# Virgin forests



## livemusic (Jan 15, 2016)

Maybe they exist, but I am not aware of any (even small) patches of virgin forest in my area. I have heard that in Northeast Louisiana, there are some on the island hunting clubs of the Mississippi River. That would be cool to see.

Do you have any virgin patches in your area? What are they like? Do you have access?

Trying to envision how a virgin forest in this area would subsist. I wonder if oaks and pines would get so big that a forest fire wouldn't wipe them out. If so, I guess you would have ultra-large trees and every once in awhile one would die and that would open up that canopy area for regeneration.

Sad that there are none here. The closest I can come to it is a wildlife refuge here; those trees are pretty impressive, but many were logged many decades ago.

My dad used to own land next to tract that the biggest water oak trees I have seen. They were magnificent. It wasn't that big of an area, just a few acres, but the trees were huge and they flanked a hill coming up off of a bottomland spring creek. It was like being in a cathedral. About ten years ago, they cut them when they logged the entire tract. Ugh.

I also wonder how long hardwoods and southern pines can live.

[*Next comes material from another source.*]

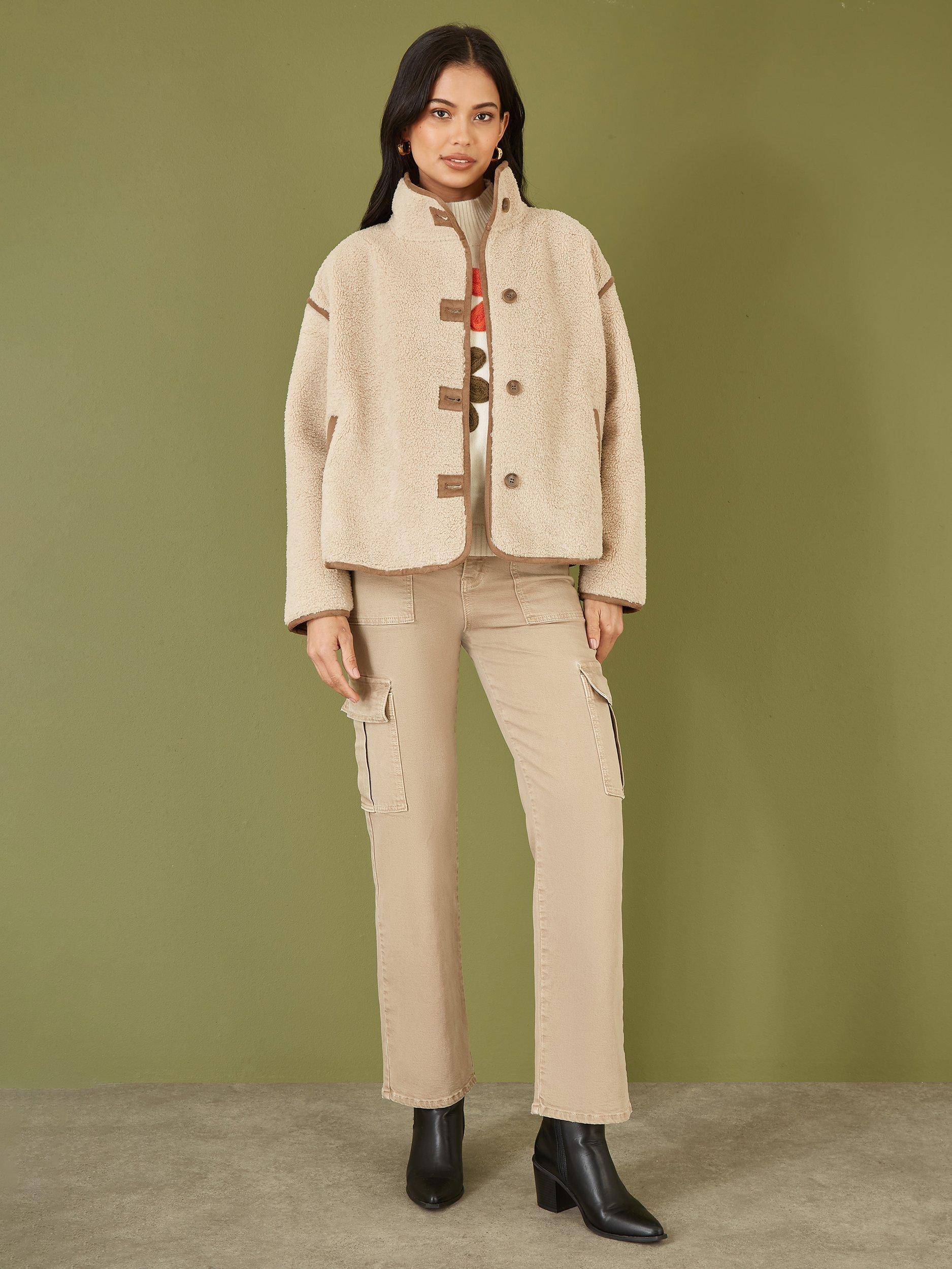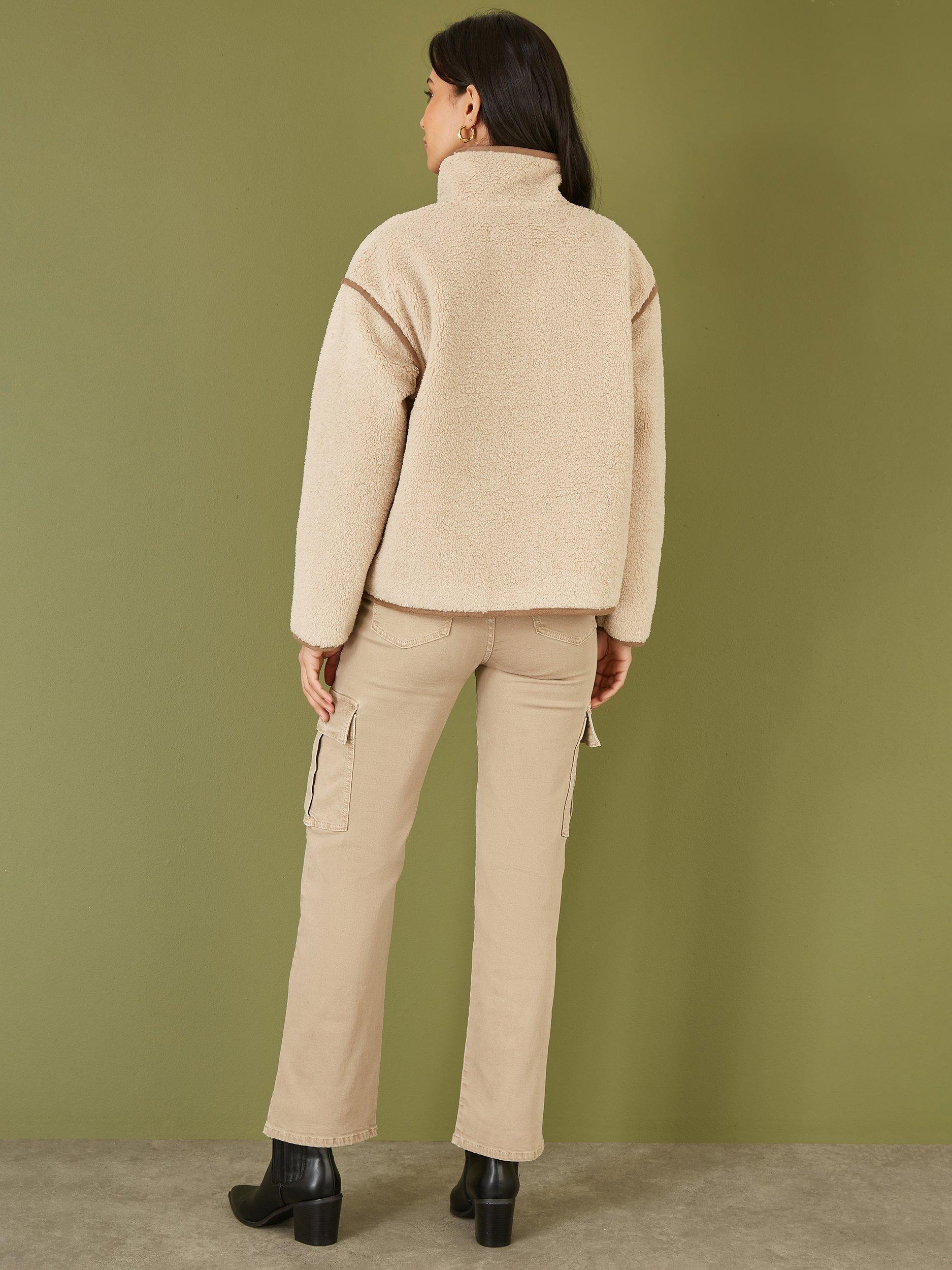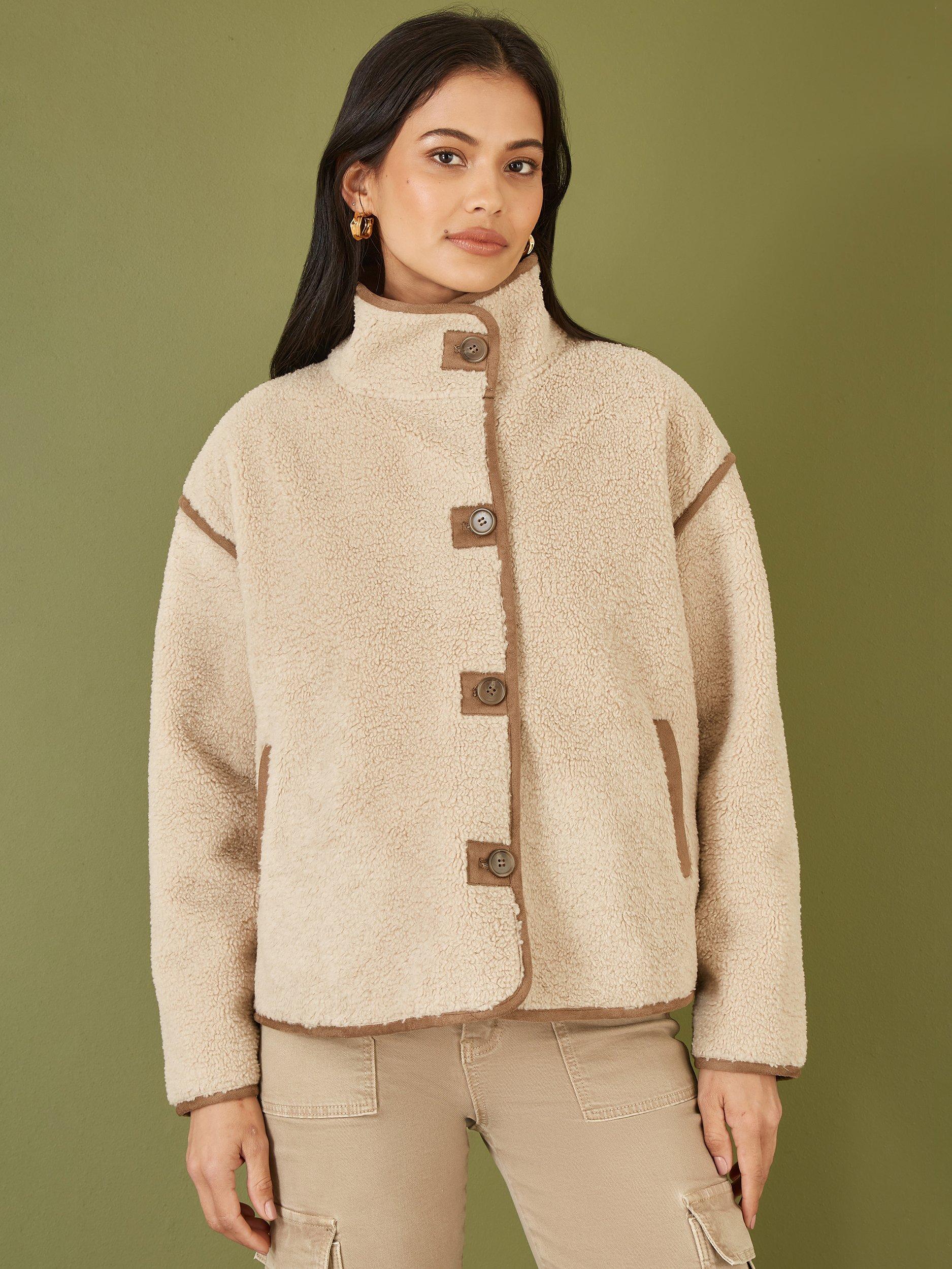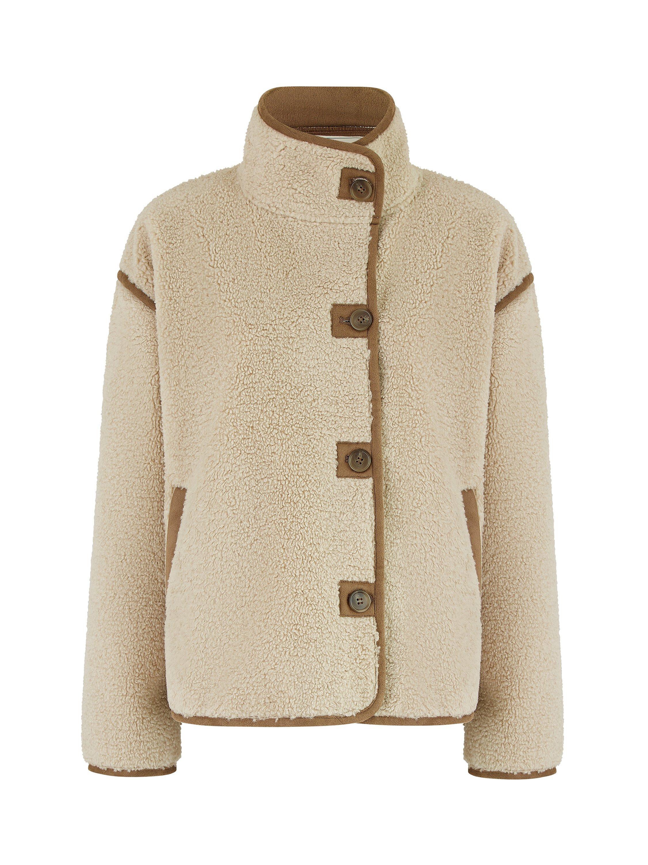 This borg jacket is perfect to complete any cosy fit this season. With faux leather trims to add some extra style points, this high neck design looks great styled casually with denim and knitwear. The relaxed fit and pockets add a practical edge.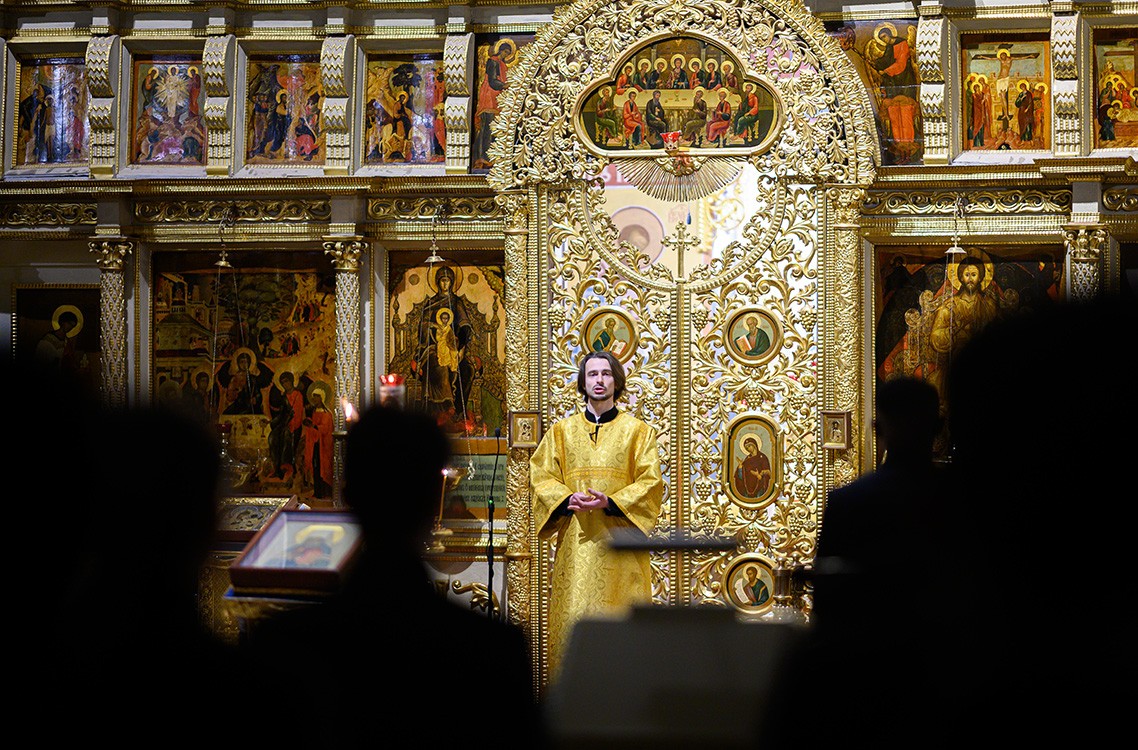 Проповедь перед чтением кафизмы произнес студент 4 курса бакалавриата Александр Карасев.

If patches exist here and there, it would cool to see them.


----------



## Del_ (Jan 15, 2016)

Google 'Old Growth Forest' and see what you find.


----------



## madhatte (Jan 15, 2016)

"Virgin Forest" is conceptually a moving target. I'm going to assume that you mean "never before cut by man", in which case, any tree standing represents a microcosm of "Virgin Forest". Perhaps you want to put an age limit on it? 50 years is old for an alder or a cottonwood. Maybe a size limit? I've measured 80" Douglas-firs that were only 80 years old. Maybe you mean an acreage? There's thousands of single acres of big, old trees scattered around all over the place which were never cut for some reason, usually having to do with either the expense and difficulty of logging them, or with the poor quality of overmature trees.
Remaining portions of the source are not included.